Ontem, dia 14 de Março, teve lugar no Conselho Municipal da Cidade de Maputo a cerimónia de despedida do mano Azagaia. O conselho municipal e arredores ficaram inundados de pessoas, desde familiares, amigos, colegas e fãs para prestar a sua última homenagem, até alguns dos próprios “vampiros” lá estiveram para se certificar que o “incomodo” partiu… Mas estes últimos foram surpreendidos, pois Azagaia partiu, mas antes de o fazer tocou fundo em cada um de nós, acordou em muitos a voz que tem sido calada pela opressão e pela intimidação e todos entoavam…povo no poder…povo no poder… povo no poder…

Foi uma cerimónia muito emocionante, as inúmeras imagens a circular na internet demonstram claramente o quanto Edson da Luz, Azagaia, era amado e admirado por tantos, de todas as idades, cores, estratos sociais… Azagaia cantava as vergonhosas verdades do nosso país consciente das consequências mas pronto a dar a cara pelo que acreditava! Azagaia cantava o que todos nós sentimos num momento em que cada vez temos menos espaço para manifestar as nossas inquietações, a nossa revolta a assistir os “vampiros” a afundar o país que tanto amamos! Azagaia é povo!

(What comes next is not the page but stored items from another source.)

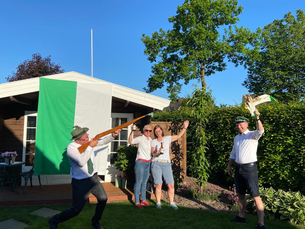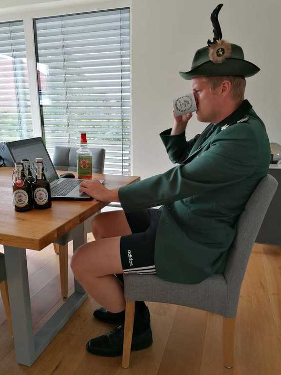 Leider konnten wir während der Corona-Pandemie 2020-2021 unser Schützenfest nicht wie gewohnt feiern. Die Schützen waren aber auch im "Home-Office" gut gelaunt...
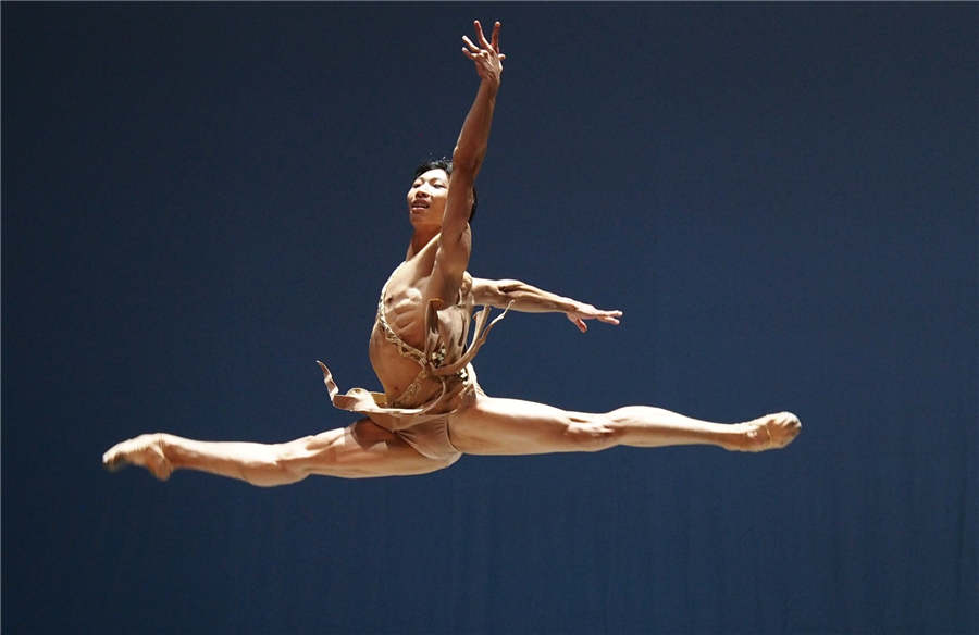 Chinese contestant Shi Yue performs during the Sixth Shanghai International Ballet Competition in Shanghai, East China, Aug 11, 2018. The competition closed here on Saturday. [Photo/Xinhua]
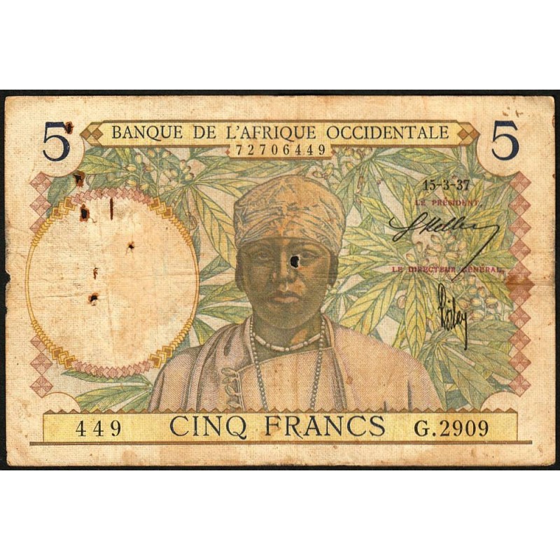 AOF - Pick 21_b1 - 5 Francs - Série G.2929 - 15/03/1937 - Etat : B
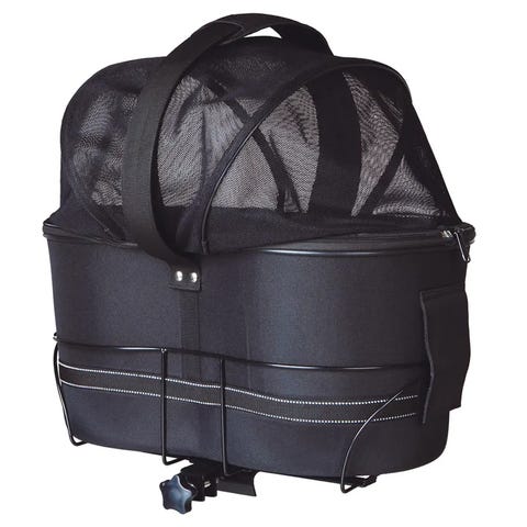 Hundväskan har justerbara, ergonomiska och vadderade axelremmar samt justerbar midjerem för bättre stabilitet. Näten på väskans sidor gör den luftig och skön för hunden. Bakstycket är förstärkt och väskans dyna är klädd med mjuk plysch. Tyget på dynan är avtagbart och kan tvättas i 30 grader.
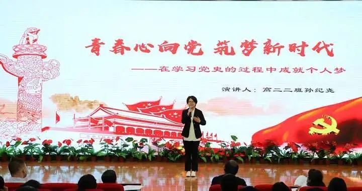 在点评发言中,语文教研室主任贾一震老师给予了演讲同学高度的肯定,并就演讲材料的准备、演讲技巧的提高等方面予以了细致的指导。在总结讲话中,谢校长为同学们解读了“青春心向党,筑梦新时代”的深刻寓意,并勉励大家要做到学史明理、学史增信、学史崇德、学史力行,志存高远,脚踏实地,迎接新时代,书写属于我们的新华章。
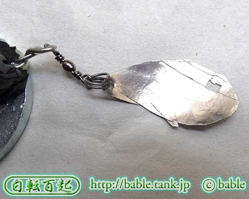 座金の重さを計測したら、15gあったんです。2枚重ねで使おうかとも思いましたが、ロックフィッシュ狙いなので15gでいってみよう、と、座金にステンレス針金とスポンジを接着しました。
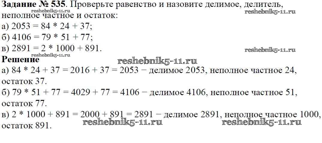 Готовая домашняя работа с ответами по Математике за 5 класс Виленкин, Жохов, Чесноков, Шварцбурд Учебник Мнемозина 2013 ФГОС - Глава 1. Натуральные числа (упражнения с 1 по 849) 535
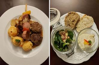 (Vegetariern wird eine entsprechende Alternative mit einem vegetarischen Bratling und einem Gemüsespieß angeboten)
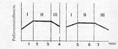 Развитие утомления связано с изменением работоспособности и в течение рабочей смены проходит три этапа: врабатывания, устойчивой работоспособности и наступления утомления (рис. 1.5).
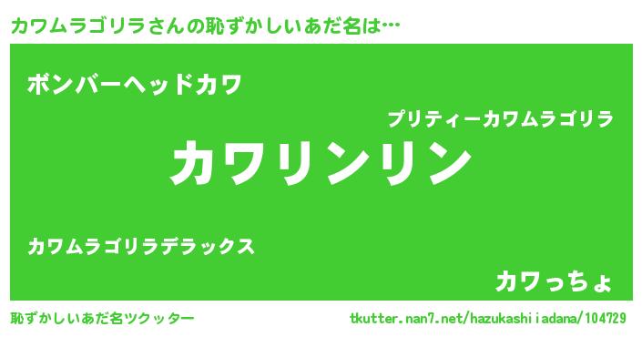 | 男性向けラノベタイトル風あだ名 | 『カワムラゴリラの嫁は女の子じゃないと思った?』 |
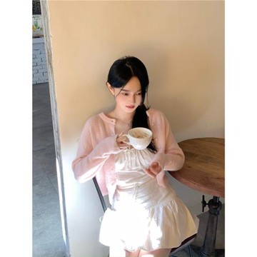 Cremedelacreme 羊毛馬海毛混紡粉嫩圓領針織衫開衫
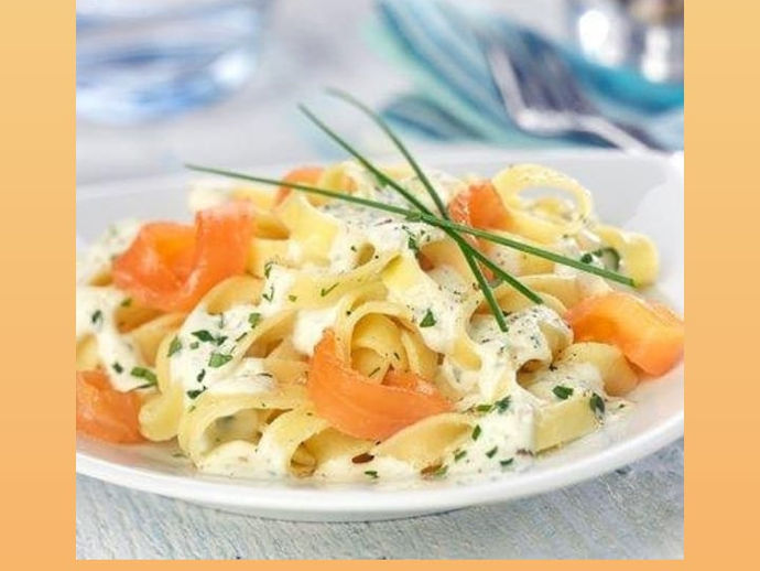 Découvrez notre recette de tagliatelle au saumon fumé salé au sel sec fumé au bois de Hêtre dans une sauce onctueuse à la crème....
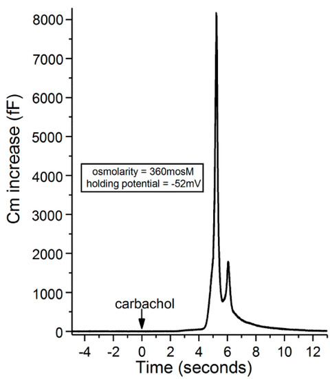 Recordings with access resistances of <25 MΩ and <10% variability were made via an EPC-9 (HEKA Elekronik, Lambrecht, Germany) patch-clamp amplifier, which used Patchmaster software (HEKA) to control data sampling and acquisition. Data analysis was also aided by graphics software (Origin 2018, OriginLab Corp, Northampton, MA, USA). Adjustment was made off-line for the junction potential, which was −8 mV for the solutions used in this study. Evoked exocytosis was quantified by monitoring the membrane capacitance (Cm) of single goblet cells, as described in earlier studies [9,10] and illustrated in Figure 8. Although a Cm increase reflects net exocytotic and endocytotic activities, the increase in Cm detected soon after exposure to an agonist chiefly reflects the initially evoked exocytosis preceding the onset of endocytotic activity [28]. Cm measurements were obtained by using the “sine + DC” method [29] in which a 30-mV peak sinusoidal signal was applied at a frequency 1.8 kHz to a voltage-clamp recording obtained via a perforated-patch pipette, which also was used to inject current that maintained the voltage of the sampled goblet cell at a pre-selected holding potential. With Patchmaster software (HEKA) emulating a lock-in amplifier, the resulting current response was used to calculate Cm [30]. Recordings with spontaneous fluctuations of ≥100 fF were excluded.
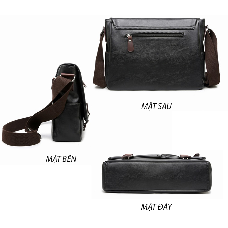 Túi đeo chéo nam ngang nhỏ gọn cao cấp BHM2030 Khá tiện dụng với thiết kế hình hộp chữ nhật gọn gàng cùng màu đen đơn giản dễ dàng kết hợp mọi phong cách thời
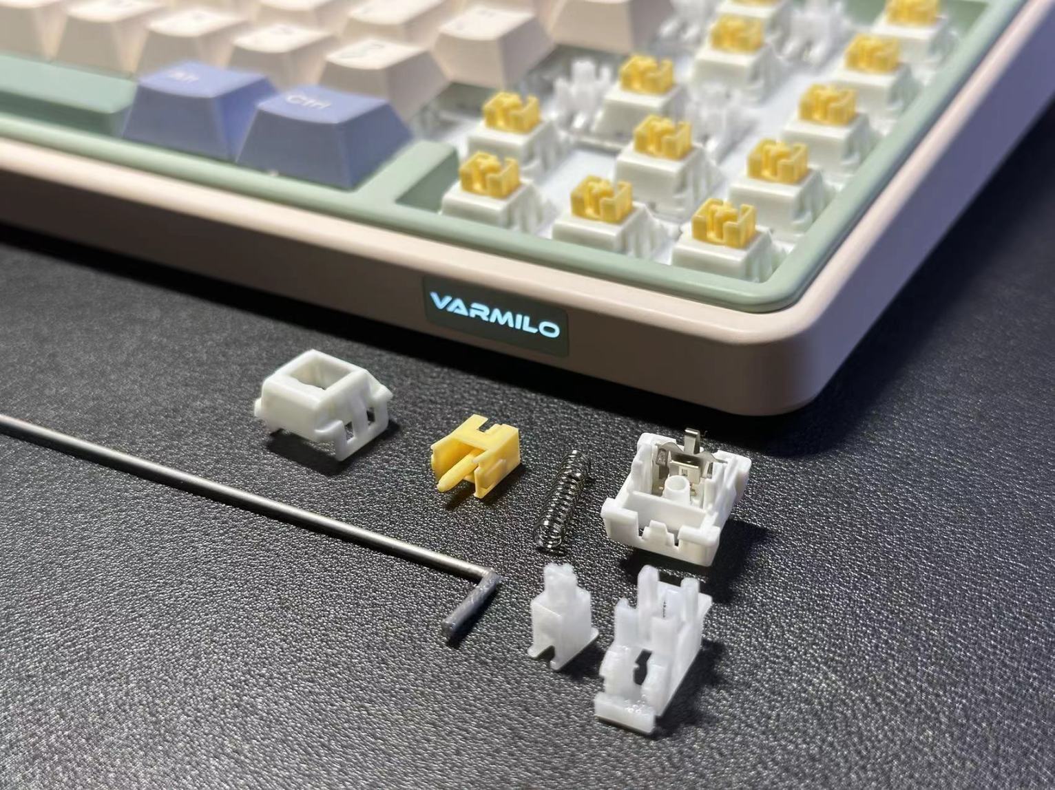 迷你洛75在轴体选择上有静电容和机械轴来选择,但是静电容是双模所以我选着的机械轴版本。我手上这个为阿米洛自研的雏菊黄L轴。雏菊黄L轴的上盖采用POK材质,轴芯采用POM材质,弹簧为18mm,底壳为尼龙材质。轴体是做了出厂润滑处理的,整体声音放在现在来说不是那么HIFI,但是轴体的顺滑程度是非常NB的存在,是一个不错的轴体。
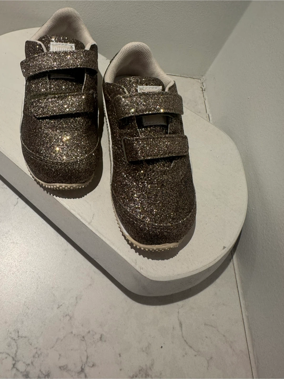 Shiny glitter design. Easy velcro straps. Perfect for active play.
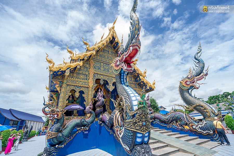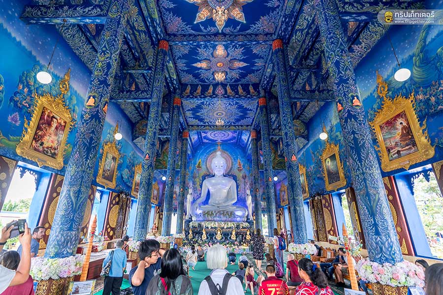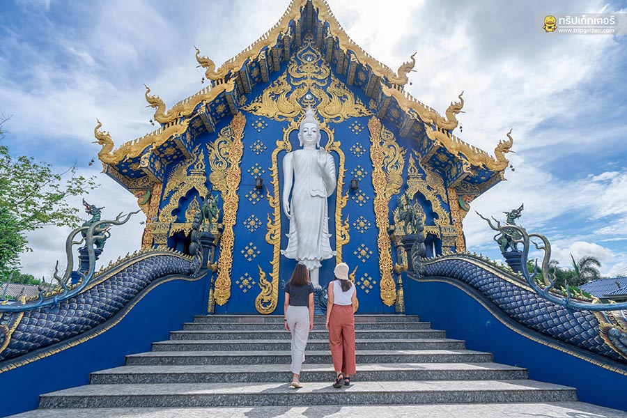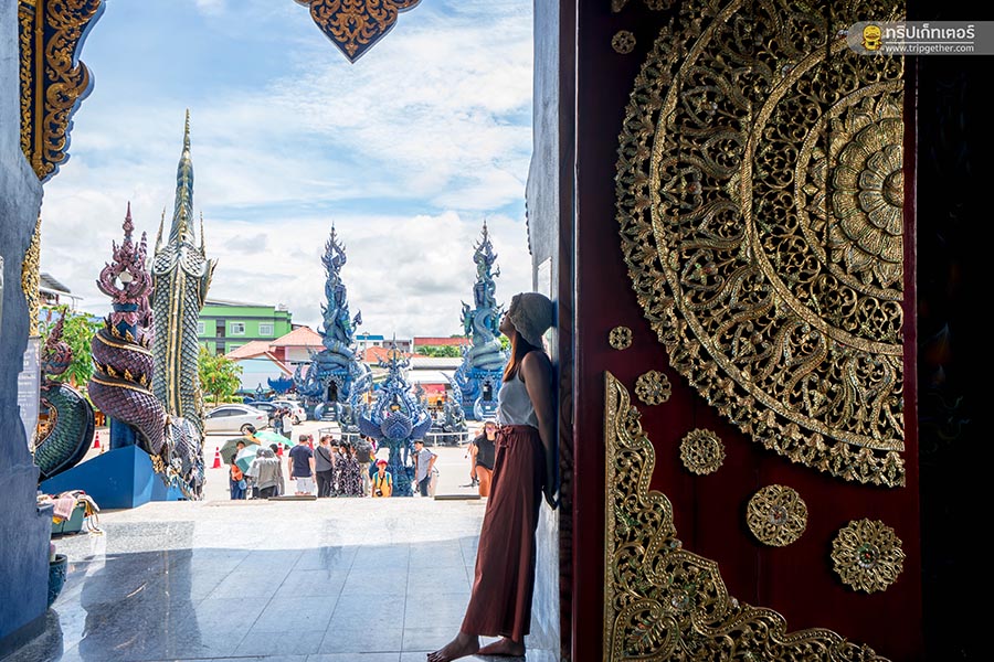 มาเริ่มต้นกันที่ วัดล่องเสือเต้น จ.เชียงราย วัดสวยสีน้ำเงินโดดเด่นที่สร้างด้วยสถาปัตยกรรมไทยประยุกต์ กับแนวคิดในการนำสีน้ำเงินซึ่งเป็นสีโทนหลักตัดกับสีทอง โดยสีน้ำเงินฟ้าหมายถึงธรรมะของสมเด็จพระสัมมาสัมพุทธเจ้า ที่เป็นคำสอนที่เป็นจริงตามเหตุผล เปรียบเสมือนท้องฟ้าที่สดใส บริเวณโดยรอบพระอุโบสถสีน้ำเงินประดับประดาด้วยลวดลายปูนปั้นสวยงามแปลกตา ภายในมีผลงานจิตรกรรมฝาผนังที่แสดงถึงเรื่องราวพุทธประวัติ อีกทั้งยังประดิษฐาน ‘พระพุทธรัชมงคลบดีตรีโลกนาถ’ พระประธานสีขาวมุกอยู่ภายอีกด้วย รับรองว่ามาเที่ยววัดร่องเสือเต้น นอกจากจะได้บุญแล้ว ยังได้รูปสวยๆ มุมดีๆ อีกเพียบ!
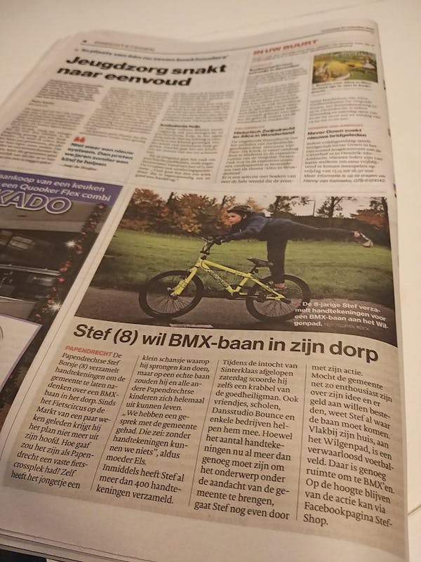 Stef is bezig om de gemeente van Papendrecht te overtuigen dat een bmx-baan in Papendrecht een heel goed idee is. Dat ze dan heel veel kinderen in de leeftijd 10 tot 16 jaar wel naar buiten krijgen om te 'spelen' . Gisteren hoorde we dat er in Papendrecht erg weinig buiten word gespeeld door de kinderen. Daar moet toch verandering in komen!

O povo juntou-se à família e aos amigos, seguiu o cortejo fúnebre ao longo de todo o trajecto. O povo assustou o sistema, os “vampiros” ficaram incomodados com tanto “povo” junto, tantos a cantar “povo no poder”. E quando os “vampiros” se enchem de medo, medo do povo, medo do povo unido e de olhos abertos usam das suas armas e poder para nos calar! E mais uma vez a Unidade de Intervenção Rápida surge com todo o seu aparato militar, carros blindados e armados até aos dentes, apenas para impedir a passagem do cortejo fúnebre. Esta UIR serviu apenas para travar e manchar um momento tão difícil e doloroso, obrigar a esposa, filhas e familiares a parar, a travar as lágrimas e engolir o choro, para sair dos carros e implorar perante estes que a deixassem enterrar o seu marido! Que demonstração tão vergonhosa de força bruta, de intimidação ao povo, de completa falta de “educação” e carácter! A quem serve esta unidade? Que situação neste cortejo merecia este aparato? Quando o povo se junta seja lá para o que for, neste caso para chorar e despedir-se do seu irmão, a UIR sai para a rua para travar, para oprimir, para mostrar que quem manda é que tem as armas!

E onde estão eles quando somos assaltadas, violadas, assassinadas? Onde está a UIR quando tantos e tantos moçambicanos são raptados? Quando clamamos pela ajuda da Polícia nunca os vemos, não tem meios, não tem combustível, não tem recursos humanos suficientes para garantir a nossa segurança mas sempre tem para garantir a nossa opressão. Quando o povo se junta, a UIR está sempre pronta! Juntamo-nos para celebrar a vida e obra do Azagaia, para chorar a sua morte e lá vem eles, com as suas armas, blindados, arrogância e força bruta… Vieram para fazer o quê? Garantir a segurança e manutenção do poder dos “vampiros”?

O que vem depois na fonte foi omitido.